Elektrotherapie - Grundlagen zur elektrischen Muskelstimulation

Elektrotherapie wird eingesetzt zur Stimulierung von denervierten Muskeln, zur Verringerung der Hypotrophie, die eintritt, wenn der normal innervierte Muskel nicht eingesetzt wird. Zudem soll eine ausreichende Versorgung des denervierten oder teilweise innervierten Muskels aufrecht erhalten werden und der Muskel soll gestärkt werden.

Die Elektrotherapie nutzt die biologischen Wirkungen, die mithilfe der elektrischen Energie erzeugt werden, zu therapeutischen Zwecken. Zum Einsatz kommen elektrische Ströme, die durch die betroffenen Körperstellen geleitet werden. Dabei wählt man die Ströme aus, die geeignet sind, die jeweiligen Therapieziele zu erreichen. Zur Behandlung kann Gleichstrom oder variabler Strom angewendet werden.

Der Gleichstrom (auch galvanischer Strom) zeichnet sich aus durch die gleichförmige Bewegung der elektrischen Ladung in eine Richtung. So bleibt fortwährend eine gleichbleibende Stromstärke erhalten.

Jeglicher Einfluss von Gleichstrom auf den Organismus ist direkt mit der elektrochemischen Wirkung verknüpft. Werden die Elektroden des galvanischen Stromgenerators in eine Elektrolytlösung getaucht, dann fließen die Ionen zum entgegengesetzten Pol.

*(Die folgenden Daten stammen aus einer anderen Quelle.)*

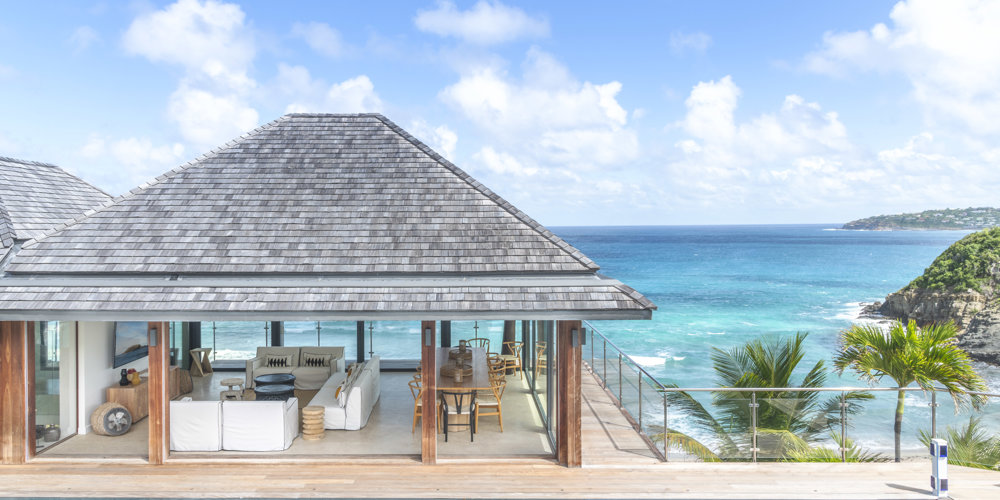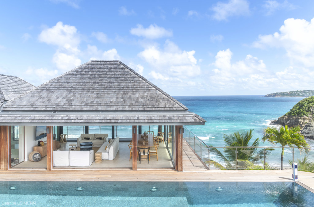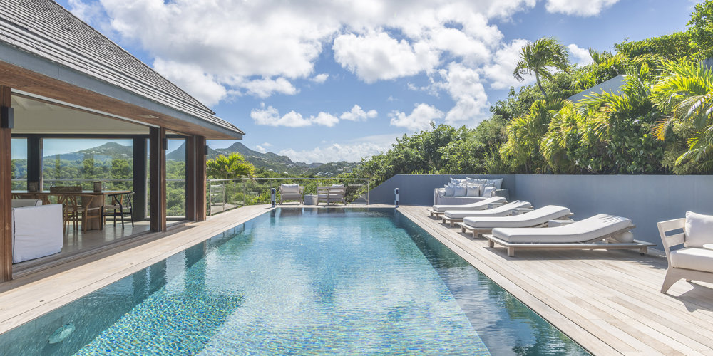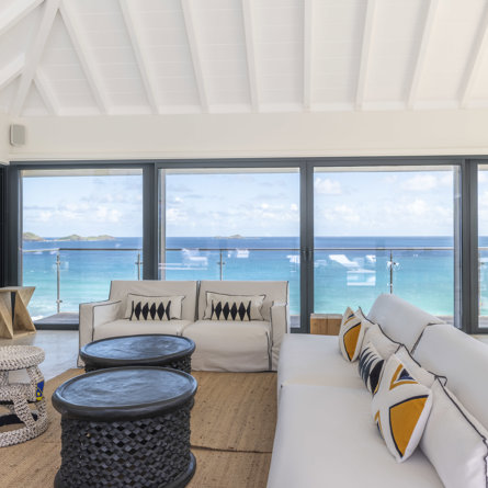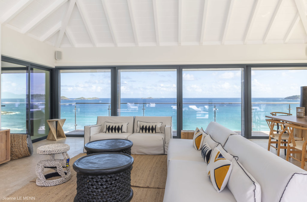 Floor-to-ceiling glass windows create a bright, open, and welcoming atmosphere perfect for a family getaway at Villa Firefly in Anse des Cayes, featuring six air-conditioned bedrooms with modern décor under the same roof, a separated primary bedroom and a pool that is protected from the sea breeze for relaxed lounging

Hinsichtlich der Elektrizität verhält sich der menschliche Körper wie eine Elektrolytlösung: Ionen, die natürlicherweise im Organismus vorkommen, "wandern" unter dem Einfluss eines elektrischen Spannungsfeldes. Die Ionen kommen in variabler Anzahl in den zellulären und extrazellulären Räumen vor, wodurch das Potential und die Durchlässigkeit der Zellwände sich verändert.

Aufgrund dieser Phänomene wird eine Reihe von Wirkungen erzielt, die sich wie folgt zusammenfassen lassen:

Vasomotorisch: es kann, auch nach einer nur kurzen Behandlungseinheit, zu einem starken Wärmeempfinden an der Stelle kommen, an der der Strom angelegt wurde;

Trophisch: Verbesserung der zellulären Atmung wegen des verstärkten Blutflusses, der den Stoffwechsel ankurbelt;

Anti-ödematös und entzündungshemmend: verbunden mit der Rückresorption von Ausscheidungsprodukten und Entzündungsmediatoren;

Nervlich: die Erregbarkeit ist im Bereich des Minuspols vergrößert und vermindert nahe dem Pluspol (Poleffekt des Stroms).
Elektrotherapiemit galvanischen Strömen
Dieses Phänomen betrifft das verbleibende elektrische Potential an der Membran, die die Nervenfaser umgibt. Die äußere Oberfläche der Membran ist positiv geladen abhängig von der Ladung der inneren Oberfläche. Eine Berührung mit dem Minuspol führt zur Depolarisierung der Membran, während der Pluspol hyperpolarisierend wirkt. Unter Einwirkung des Gleichstroms ändert sich sogar die Leitfähigkeit des Nervs. Am Pluspol kann zeitweise Neurapraxie auftreten.

Es ist schwierig, die Wirkungen des Gleichstroms richtig zu deuten, weil noch nicht genau bekannt ist, welche Mechanismen diese Effekte hervorrufen. Diese Stromart kann am besten eingesetzt werden, wenn medizinische oder kosmetische Substanzen durch die Haut eingebracht werden sollen.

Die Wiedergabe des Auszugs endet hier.